A left leaning country runs the danger of wanting to kill the hen that lays the golden egg. Nehru was key to India’s independence, but he also gave the country his gift of socialism, which was well meaning, and perhaps made Cold War sense to him, but that has also meant the legacy of too much red tape and misallocated resources with India ending up with the much derided “Hindu rate of growth” for decades.

Unleashing the entrepreneurship potential of the new generation in Nepal is partly a policy challenge. Some warning signs are the mindless, xenophobic rhetoric against Foreign Direct Investment (FDI) that seems to have a permanent place among a segment of the Nepali political spectrum. The choice is clear. You can bring in foreign capital, or you can send away your workers to Dubai and Malaysia to labor in uncertain circumstances. After Baburam Bhattarai signed BIPPA, a pro FDI agreement, his own Deputy Prime Minister stood up against it to score cheap, misguided political points. I was perplexed. Hostility to FDI is a sure recipe to a perpetuation of poverty in Nepal. Is poverty what Nepali nationalism all about? As in, to lose poverty is to lose the essence of what Nepal is all about? Beats me.

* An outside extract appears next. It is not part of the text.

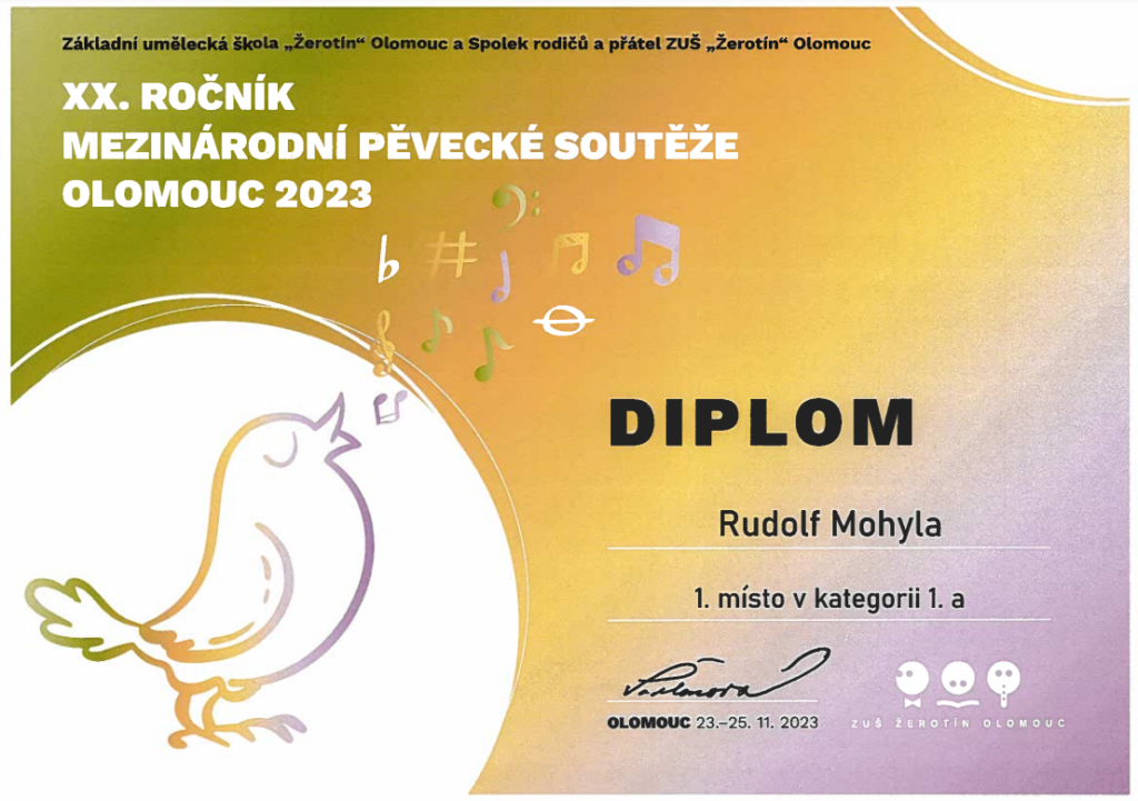 8 žáků pěveckého oddělení se zúčastnilo této pěvecké soutěže. Děkujeme všem za reprezentaci školy a gratulujeme k získaným umístěním. Děkujeme pedagogům M. Dvořákové, L. Polanskému, A. Procházkové, M. Jedličkové za přípravu.

China never tires of pointing out how much more FDI it attracts year after year as compared to India. FDI is not only a good thing, it is something any sensible country competes for. That includes the rich economies.

I would hope that the Maoists would learn to respect entrepreneurs the way they have worked hard to accept other political parties. Their pro poor origins would be best reflected in the resources they should be able to marshal for education, health and infrastructure. Get the literacy rate up dramatically, up the vaccination rates. Train tens of thousands of health care workers and send them out to the villages, Mao style. But do not kill the hen that lays the golden egg. Let entrepreneurs run full speed.